Information provided START
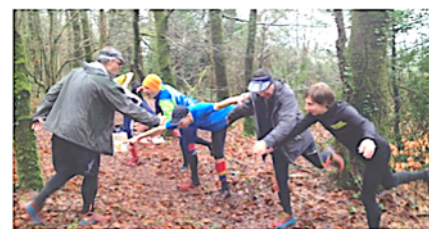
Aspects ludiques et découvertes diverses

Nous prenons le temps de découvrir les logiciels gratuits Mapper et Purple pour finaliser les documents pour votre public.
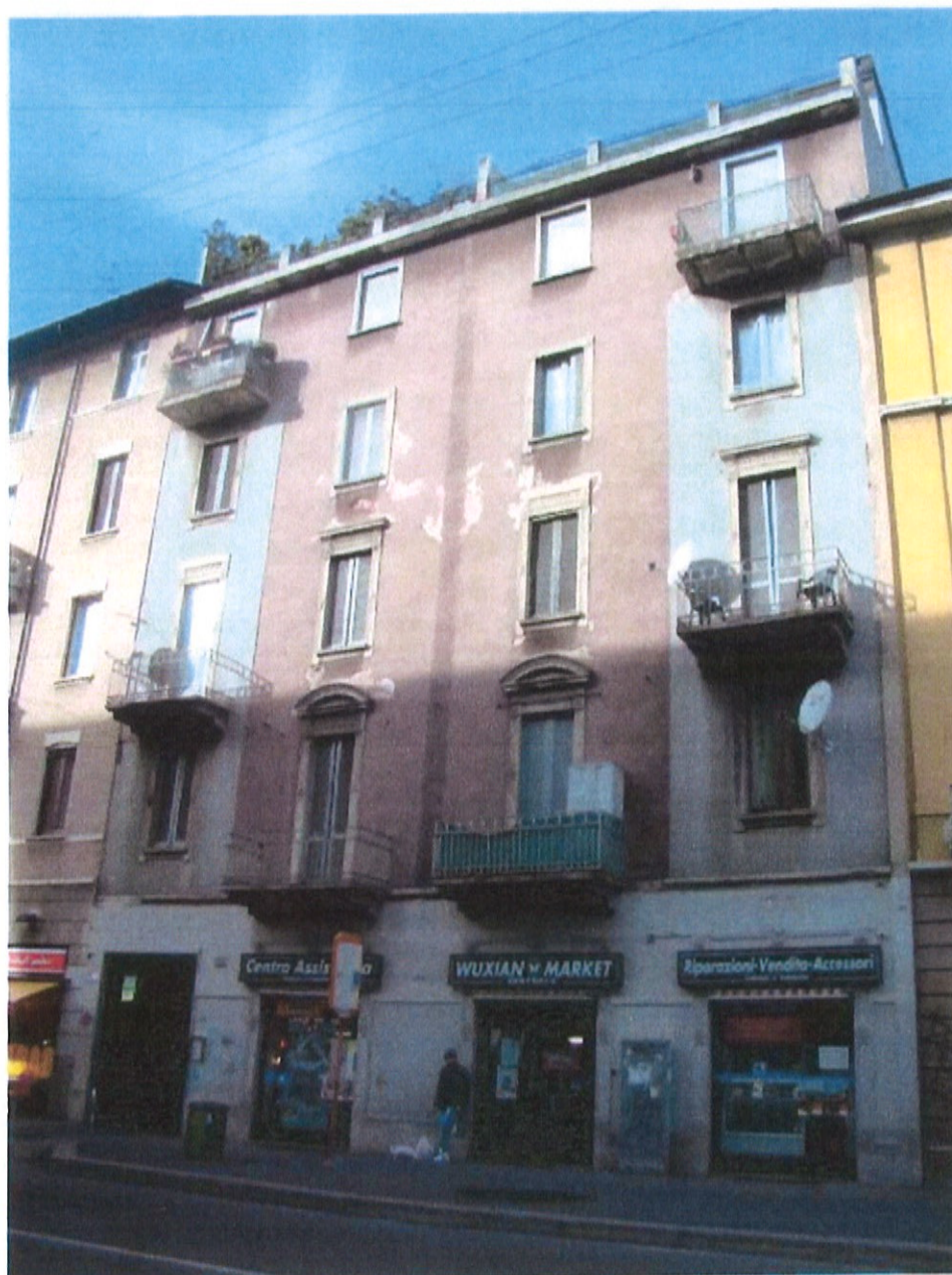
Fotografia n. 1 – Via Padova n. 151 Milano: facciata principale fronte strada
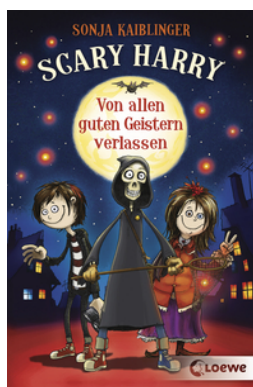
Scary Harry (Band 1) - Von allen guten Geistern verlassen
Information provided END
Work order
Repeat each line of the material exactly, please, and skip every picture.

Response area
Aspects ludiques et découvertes diverses

Nous prenons le temps de découvrir les logiciels gratuits Mapper et Purple pour finaliser les documents pour votre public.
Fotografia n. 1 – Via Padova n. 151 Milano: facciata principale fronte strada
Scary Harry (Band 1) - Von allen guten Geistern verlassen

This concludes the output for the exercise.